JD [interrupts] but you’re saying it was legitimate that these two young fellows should be taken out and shot [JL ‘the war’] in the groin [JL ‘the war’] and bled [JL ‘the war’] to death

JL The war that was fought for Irish independence was legitimate.

JD And then why weren’t they legitimately dealt with then if they had committed a crime?

JL If you, if you’re in a war and you’re attacked militarily, you respond militarily. By whatever means, I mean all is fair in love and war.

JD So you walk up, you walk up to them, take them out of the house and shoot two unarmed men dead?

JL They weren’t they weren’t the only, what, how do you think the Auxiliaries and Black and Tans operated?

JD Oh I know, but do never benchmark yourself against badness. I say it to my kids all the time: do never benchmark yourself against badness. Including your own parents in my case, if I’m the [cursing?] the house or whatever. But anyway I don’t want to trivialise, I want to bring Tom Carew in. Tom Carew good afternoon to you.

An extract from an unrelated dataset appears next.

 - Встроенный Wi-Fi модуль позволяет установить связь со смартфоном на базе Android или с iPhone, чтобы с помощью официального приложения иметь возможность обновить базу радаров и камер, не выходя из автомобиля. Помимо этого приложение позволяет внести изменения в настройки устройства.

Tom Carew; Joe, Joe my ucler is back again, very quiet for many years, I never heard such nonsense: court martials -

JD Well, hang on, from me or from – ?

TC No, not at all, no, from Jack Lane.

JD [I’d be surprised?] to say it’s nonsense from me as well.

TC I could spend a long time telling you about the writings of Jack Lane and the people in the organisation he represents. Because the people in Aubane include people who are involved, not in innocent local history -

JD Now, yeah, yeah, just, just [sounds like warning tone]

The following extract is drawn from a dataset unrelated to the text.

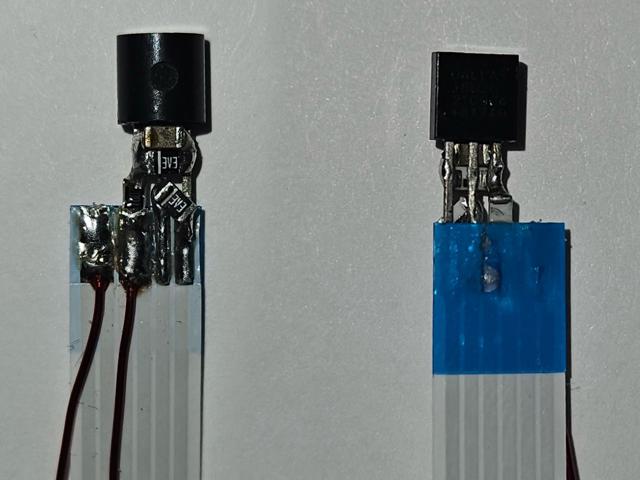 In the past, we have used a 1-wire sensor to measure the temperature. While this made it easy to implement software to read the output, it required some point-to-point microsoldering to power the sensor. This part would have to be remade if the heatsink that the sensor was mounted to needed to be replaced for any reason.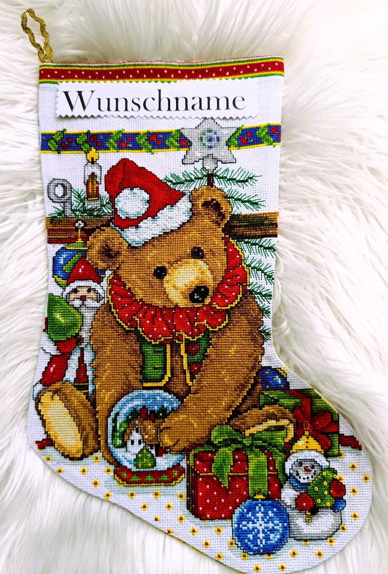 Weihnachtsstiefel mit Teddybär. Handgestickt im Kreuzstich. Auf Wunsch kann der Name des Kindes separat eingestickt werden (Personalisierung im Preis inbegriffen). Der Stiefel ist 38 cm hoch.

TC - in the British and Irish Communist Organisation, but I won’t go into that –

JD But that, that was a legitimate party in the 70s

TC Oh yeah, but I mean the ideology, the ideology is, is particularly weird. When you talk about military court martials, that’s the military way, way, he says.Military court martials involved the defendant being put in front of a trial. Not somebody being put up against the wall without knowing there was any such court martial. He talked about ‘they joined the military conflict’. If you were in Offaly there was no military conflict. He just mentioned, conflicting himself out of his own mouth, Dick Mulcahy asked Offaly to do something, because nothing whatever happened down there. Now if there’s no action going on there’s not a military action to join, and there’s nothing for spies to spy on because the Offaly Brigade was a paper outfit which did sweet damn all. So the idea that there was any threat to the Offaly Brigade was unreal because the Offaly Brigade achieved absolutely nothing. Compared to west Cork or south Tipperary for example, it was a completely different planet. So the idea that there was any reality to all of this is totally and completely unreal.

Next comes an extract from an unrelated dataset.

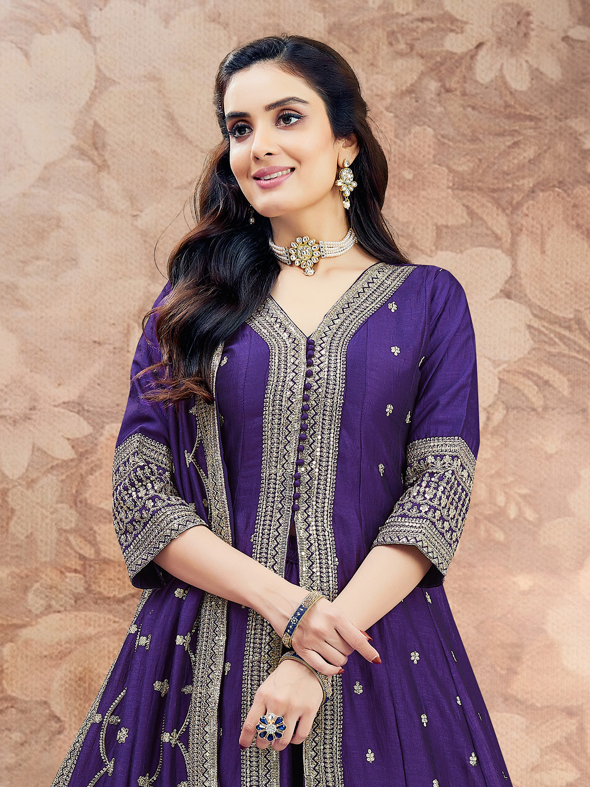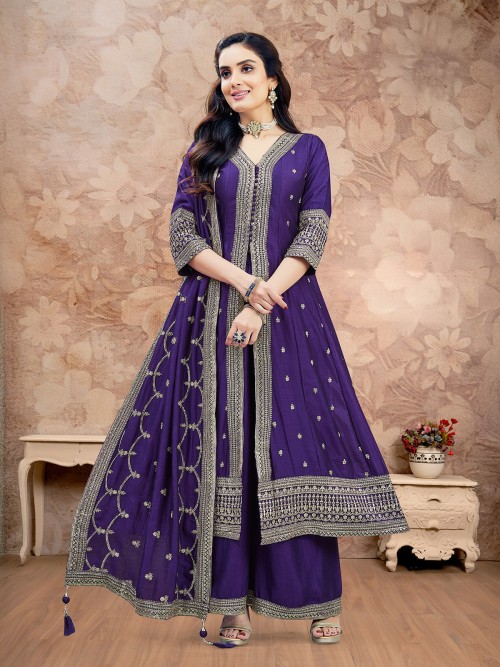 This royal purple silk suit is styled with tasteful resham and sequin highlights. A flattering V-neck and quarter sleeves give it a mature yet modern appeal. Paired with a Pakistani-style dupatta and palazzo pants, it’s a balanced blend of classic tradition and contemporary design for festive wear.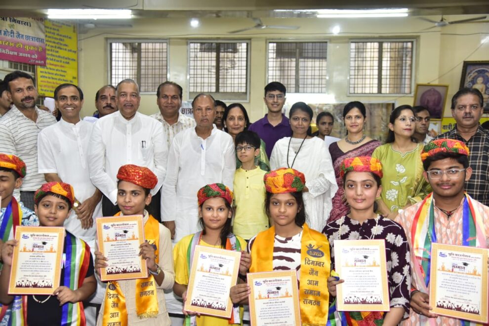 इंदौर। दिगंबर जैन आम समाज संगठन एवं श्रुति फाउंडेशन इंदौर की ओर से मेधावी विद्यार्थियों का सम्मान एवं शिक्षा सहायता योजना के अंतर्गत प्रतिवर्ष प्रदान की जाने वाली छात्रवृत्ति के फार्म का वितरण रविवार को गौराकुंड स्थित दिगंबर जैन लश्करी मंदिर में किया गया। इस अवसर पर मोटिवेशनल स्पीकर उन्नित झांझरी मुख्य अतिथि और कल्पवृक्ष हीलिंग फाउंडेशन की प्रियंका शाह विशेष अतिथि थीं। संगठन प्रमुख इंद्रकुमार वीणा सेठी ने बताया कि इस वर्ष कक्षा पांचवीं, आठवीं, दसवीं और बारहवीं के परीक्षा परिणामों में सर्वाेच्च अंक से उत्तीर्ण होने वाले सौम्या स्वप्निल जैन, सानवी सौरभ पाटोदी, आर्विश दीपक जैन, इशिता विद्याधर सेठी, ऋषित कपिल जैन, काव्या नीलेश जैन सहित अन्य विद्यार्थियों को अतिथियों ने साफा एवं माला पहनाकर प्रमाण पत्र भेंटकर सम्मानित किया।

JD But in fairness, Jack’s substantive point is a document he says he’s come across in London where William Pearson is quoted as saying “I was always known as a staunch loyalist and upholder of the Crown, I assisted the Crown forces on every occasion”. He was looking for a grant for compens -

TC The [number of?] incidences where the Crown forces needed assistance in Offaly were zero, because the Crown forces in Offaly – it was like in northern Ireland in recent years. There were parts of northern Ireland where you could see an RUC sergeant in shirt sleeves as I did on many occasions, which was absolutely quiet, places in parts of Antrim and Down. There were parts in south - south Armagh which was [sic] totally different. The equivalent in the past thirty years to parts of north Antrim would be a place like Offaly where the police could have gone around in their shirt sleeves as you could find them in, in summertime in the north. It was an absolute complete nonsense to say that there was any real conflict in that area. So the whole thing collapses on that reality.

JL ? [right]

JD Jack, do you want to come back in there?

JL Were there any Black and Tans, Auxiliaries, were the IRA guys building a roadblock for fun?

TC [indistinct – ‘Tim’?]

JL Were they? Were they?

TC The incidents in 19, 1920 – 1921

JL Were they? Look, look –

JD Now, now let, let, let Tom answer, Jack, let [the man answer ?]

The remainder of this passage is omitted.